É nesse sentido que o tratado de Huet é importante: retrocedendo à Antiguidade grega e romana, defende ele o reconhecimento de um gênero – o das narrativas de ficção em prosa – por retrospectiva. Assim, os primeiros exemplares seriam os romances gregos que ele acreditava terem sido escritos antes da era cristã, mas que hoje sabemos serem em geral do segundo século depois de Cristo. De fato, trata-se de um conjunto de textos em prosa que narram histórias de amor e de aventuras, dos quais o representante mais significativo são as Etiópicas, de Heliodoro (século 3). O modelo geral envolve dois jovens que se apaixonam perdidamente, são separados, vagam em inúmeras aventuras por vários países ao redor do Mediterrâneo, mantendo-se todavia fiéis um ao outro, até o encontro final.


Os primeiros romances foram um conjunto de textos gregos escritos em prosa no início da era cristã que narram histórias de amor e de aventuras. (ilustração: Luiz Baltar)

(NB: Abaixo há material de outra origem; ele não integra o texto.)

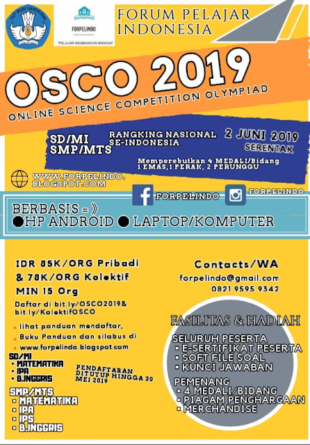 -> OSCO ini merupakan event yang menyediakan wahana bagi para pelajar di Indonesia untuk dapat berkompetisi secara online tanpa adanya jarak yang jauh.

As aventuras podem ter menos importância, pondo-se toda a ênfase no amor, como acontece em Dáfnis e Cloé, de Longo (século 2), em que o enredo se concentra na descoberta do amor por dois adolescentes. Encontramos ainda romances paródicos, em que o amor se traduz em sexo e toda a luz se joga nas aventuras, como Lúcio ou o asno, escrito em grego pelo sírio Luciano (século 2), e o Asno de ouro, escrito em latim pelo africano Apuleio (século 2), uma história fantástica narrada pelo próprio protagonista, de nome Lúcio, que, transformado por artes mágicas em asno, se mete numa sucessão de embrulhadas até recuperar a forma humana.

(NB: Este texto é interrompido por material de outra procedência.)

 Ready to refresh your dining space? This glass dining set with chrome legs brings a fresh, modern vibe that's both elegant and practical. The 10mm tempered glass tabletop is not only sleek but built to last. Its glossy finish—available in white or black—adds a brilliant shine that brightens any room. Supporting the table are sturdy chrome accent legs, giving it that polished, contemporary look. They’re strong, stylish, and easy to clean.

Essa forma narrativa teve prosseguimento tanto no mundo bizantino, quanto na Europa ocidental. As novelas de cavalaria, como as do ciclo do Graal, que têm como personagens o Rei Artur e os cavaleiros da távola redonda, são legítimos continuadores do romance antigo de amor e aventuras, o mesmo se podendo dizer de Tristão e Isolda, bem como de outras obras escritas em várias línguas europeias e para muitas outras também traduzidas. Não é contudo só a temática que aproxima esses textos de seus antecedentes pagãos, mas também o fato de que são narrativas de ficção em prosa. É legítimo, portanto, como pretende Huet, que se trace uma história do romance de longa duração.
Constante mutação

Nessa história um marco indubitavelmente se destaca, o espanhol Miguel de Cervantes (1547-1616), não só pela alta qualidade de suas obras, como também pela forma dupla como ele, conscientemente, se inseriu na tradição do romance. De um lado, seu livro mais conhecido, O engenhoso fidalgo Dom Quixote de La Mancha, retoma num viés paródico as novelas de cavalaria medievais, numa técnica narrativa em que o mais relevante é como se expõem os próprios mecanismos narrativos do romance, posto que seu herói, Dom Quixote, é um especialista nesse tipo de literatura, um louco genial enlouquecido justamente por ter lido muitas histórias de amor e aventuras.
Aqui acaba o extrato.